Pharmacist and Diploma-Pharmacist Johanna Seeger

Institute of Pharmacy
Clinical Pharmacy & Biochemistry
Freie Universität Berlin
Room 242
12169 Berlin
Curriculum Vitae
Since 05/2017 |
Doctoral student at the Dept. of Clinical Pharmacy & Biochemistry supervised by Prof. Dr. Charlotte Kloft at the Freie Universitaet Berlin |
07/2017 |
Registration as a Pharmacist |
11/2016 - 04/2017 |
Internship at Lichtenberg Apotheke, Berlin |
05/2016 - 10/2016 |
Diploma student in the Clinical Pharmacy, Prof. Dr. C. Kloft |
04/2012 - 03/2016 |
Studies of Pharmacy, Freie Universität Berlin |
09/2012 and 03/2013 |
Internship at Galenus-Apotheke, Berlin |
07/2009 |
Bachelor of Nursing, Protestant University of Applied Sciences Berlin |
06/2004 |
A-levels (Abitur), Katholische Theresienschule, Berlin |
Focus of research
Research pillar 1: Bioanalysis/microdialysis and in vitro systems/cell culture
In vitro investigations of pharmacokinetic-pharmacodynamic relations for optimisation of antibiotic therapy
Prevention of emergence and spread of antibiotic resistance is an important challenge in anti-infective therapy. Antibiotic resistance is promoted by poor therapy adherence, which can be related to adverse drug reactions, as well as by inefficient therapy regimens that result in insufficient drug concentrations at the infection site. This leads to selection of pathogens with low susceptibility against the antibiotic agent and spread of resistant strains. Therefore, dosing optimisation is of high importance for reducing adverse drug effects and emergence of resistance. Knowledge about the relationship between pharmacokinetics (PK) and pharmacodynamics (PD) of an antibiotic agent is crucial to characterise the pharmacodynamic effect of different dosing regimens of a drug. In silico simulations predict concentration-time profiles (C-t profiles) of certain dosing regimens and make it possible to mimic their PD effect in the dynamic in vitro infection model. Knowledge about bacterial growth and time kill behaviour is generated by quantification of antibiotic-exposed bacteria. Since the dynamic in vitro infection model provides drug exposures comparable to infection sites in humans, identification of appropriate dosing regimens for the treatment of particular infectious diseases is possible. At the same time, the investigation of bacterial characteristics, such as cell size and genetic properties, provides information about emergence of resistance and underlying resistance mechanisms. Thereby, dosing regimens that promote or prevent selection of resistant strains and emergence of resistance can be identified. The clinical relevance of different PK/PD parameters, which are used to describe PK/PD relations in antibiotic therapy, is a current topic of discussion. Data generated from dynamic in vitro experiments can contribute to the identification of the most predictive parameters.
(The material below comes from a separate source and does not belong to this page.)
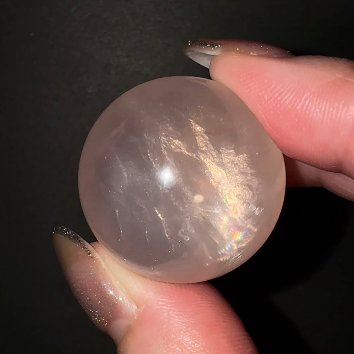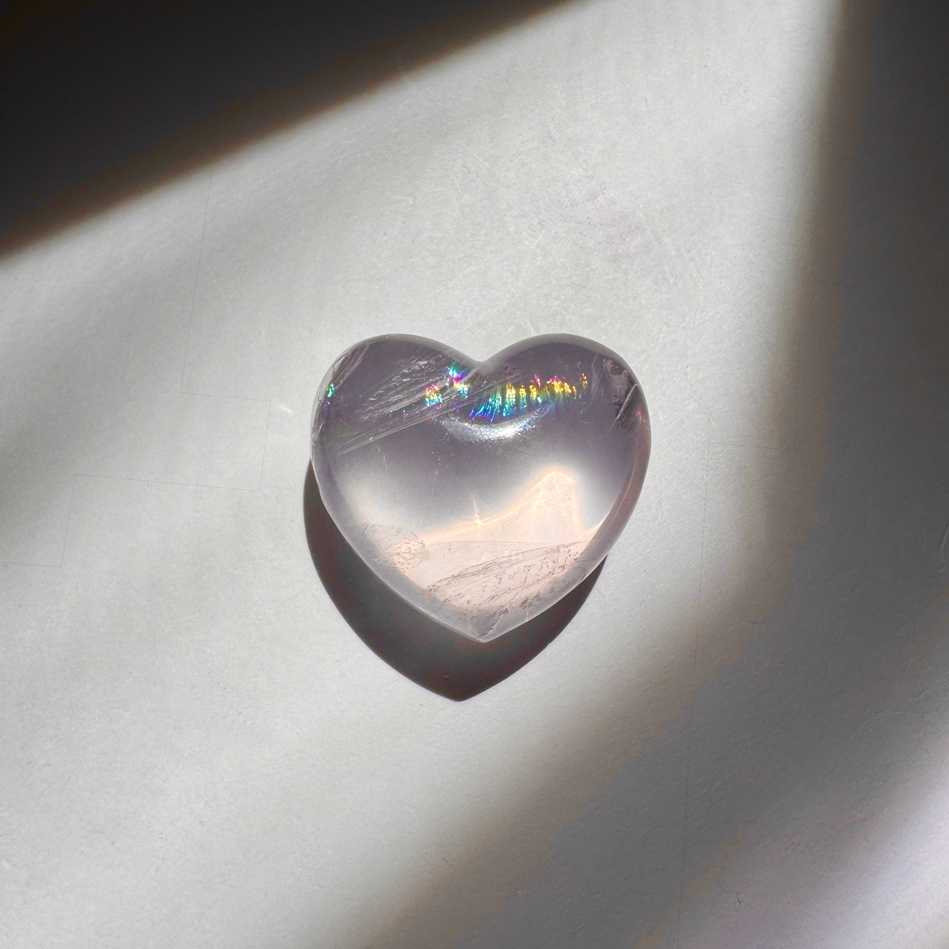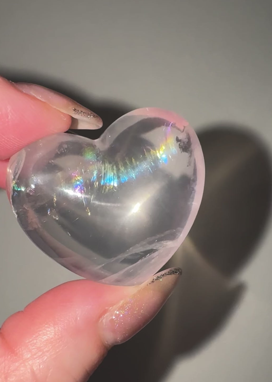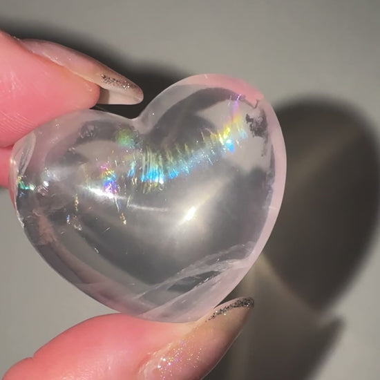 虹入りのぷるぷるハートに、星座のようなルチルがキラキラするスフィア、フローライトはピンクとクリアの2トーンに、銀色に光る雲母がついています。

The focus of my PhD project is the investigation of different dosing regimens of the fluoroquinolone levofloxacin (LEV) and its PD effects against the gram negative enterobacterium Escherichia coli (E. coli). Dosing optimisation for fluoroquinolones is of high importance, because next to beta-lactam antibiotics and aminoglycosides they belong to the “critical important” antimicrobials and spread of fluoroquinolone resistance is considered to be especially worrying. Furthermore, the serious adverse drug reactions of fluoroquinolones are a frequent subject of public criticism, which highlights the importance of dosing optimisation to promote therapy adherence and hereby reduce emergence and spread of resistance. E coli is a prevalent cause of bloodstream infections, urinary tract infections, skin and soft tissue infections and exposes increasing fluoroquinolone resistance. Besides alteration of target enzymes, such as bacterial DNA gyrase and topoisomerase IV, reduced intracellular antibiotic concentration due to decreased membrane permeability and expression of efflux pumps are most common resistance mechanisms.
The objective of my investigations in the dynamic in vitro infection model is the identification of resistance mechanisms resulting from different dosing regimens of LEV against E. coli, generating knowledge about PK/PD relations and hereby to contribute to the optimisation of antimicrobial therapy.